Homestead, Pennsylvania July 12, 1943
The mighty ladle tipped over. Red steel flowed freely. Gigantic presses began to crush the melted metal with pressures that would only be found miles deep under the earth. Workers, many of them experienced for decades, slowly adjusted the process. This was one of the most skilled tasks in the entire mill. New comers could be tasked to the coke works, or to the steel matting teams, but the press for armor plating required a decade of knowledge to know what was just right versus what was truly dangerous. That was a thin line and it was not a line that a rookie, or even a three year man could be expected to know. Six hours later, the first stage of the process to turn molten metal into a piece of armor over nineteen inches thick.
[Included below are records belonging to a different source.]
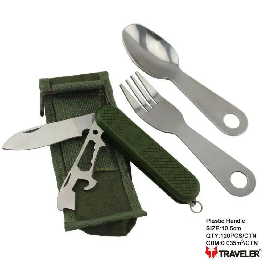 Набір туристичний ніж, виделка, ложка Traveler 10,5см K-601
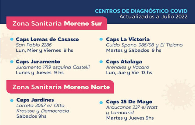 El Municipio de Moreno actualizó los Centros de Diagnóstico Covid-19 al mes de julio de 2022. Debido a que con la llegada del invierno, las bajas temperaturas, la poca ventilación delos ambientes y la alta circulación de virus respiratorios se pueden contraer enfermedades.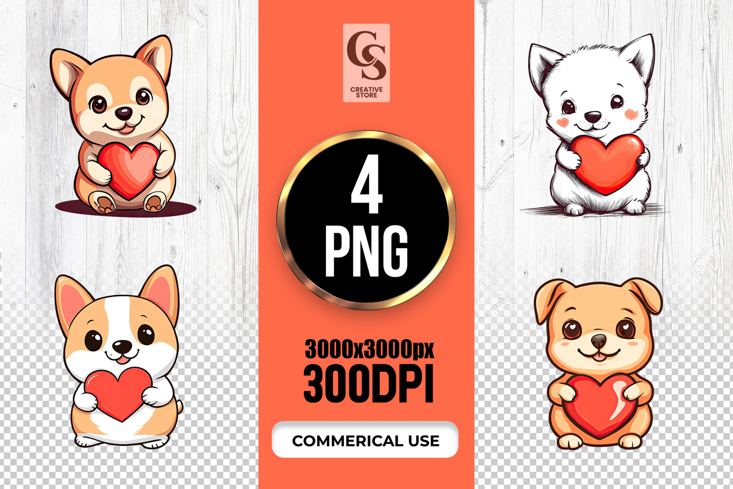 4 Cute Puppy Holding Heart Clipart Sublimation PNG Files Perfect for Greeting Cards, Invitations, Junk Journal, Party Decor, Scrapbooking and many other craft projects.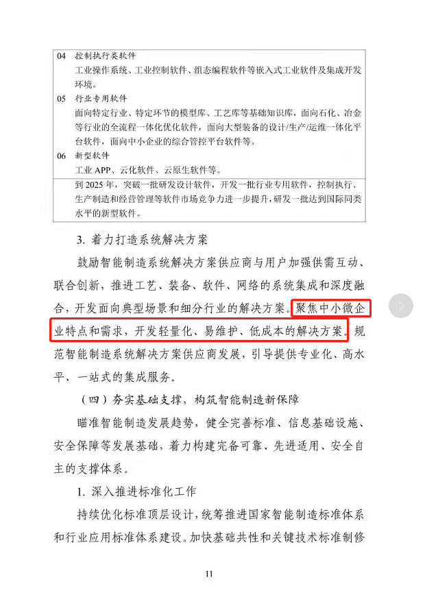 4月14日,工業(yè)和信息化部公開對《“十四五”智能制造發(fā)展規(guī)劃》征求意見。征求意見稿提出,智能制造發(fā)展水平關(guān)乎我國未來制造業(yè)的全球地位,對于加快發(fā)展現(xiàn)代產(chǎn)業(yè)體系,鞏固壯大實體經(jīng)濟(jì)根基,構(gòu)建新發(fā)展格局,建設(shè)數(shù)字中國具有重要作用。目前工信部倡導(dǎo)的方向:聚焦中小微企業(yè)特點和需求,開發(fā)輕量化、易維護(hù)、低成本的解決方案。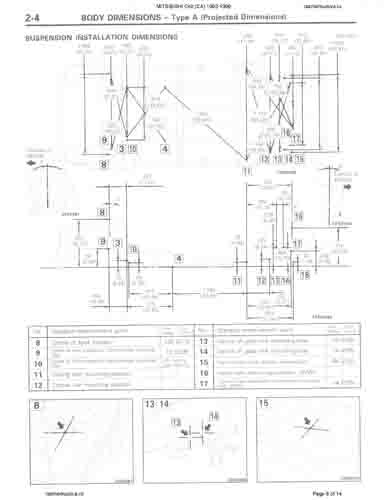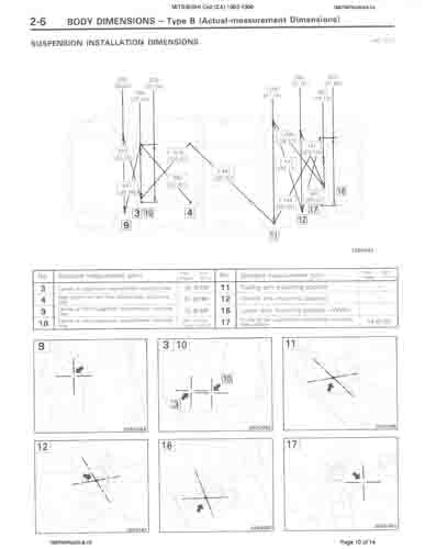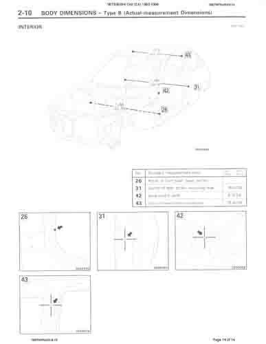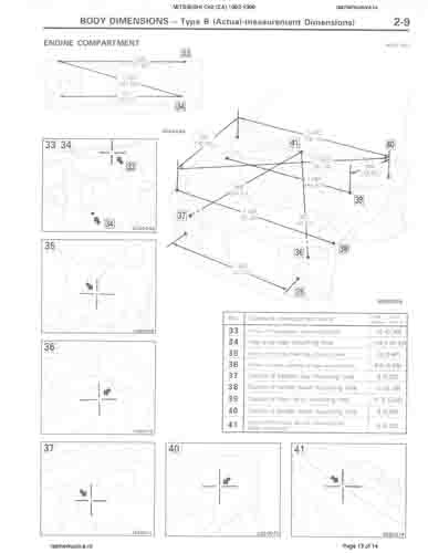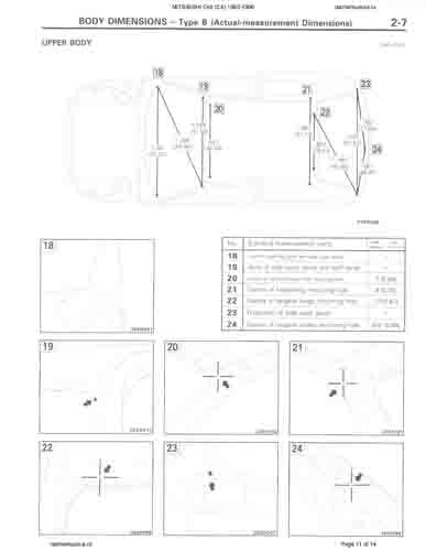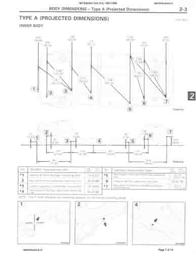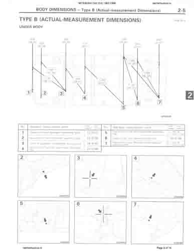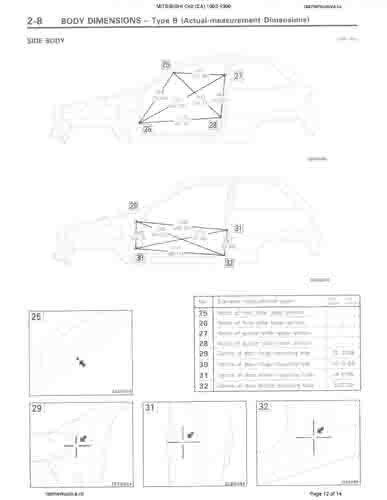 Контрольные кузовные размеры MITSIBISHI Colt (CA) 1992-1996 из официального руководства по ремонту кузова, как проекционные, так и непосредственного измерения, в том числе диагональные размеры проемов кузова и точные места расположения контрольных точек.

This was the last plate that the Navy needed for their battle line construction program. Another six weeks worth of pours were scheduled to stockpile armor that would be needed for battle damage, but after that, the few parts of the mill that could produce everything up to battleship armor could be diverted. Cruisers and tanks still were being built in great numbers and they needed armor, just nowhere near as much as the battle wagons did.
The whistle blew, and seventeen thousand workers left the Homestead Works in under an hour as another twelve thousand workers came on for the night shift. The bars along Amity Street and 8th Avenue were soon packed as the tired, hungry, thirsty and well paid steel workers congregated to drink an Iron, talk about the Pirates’ surprising season and relax before heading home.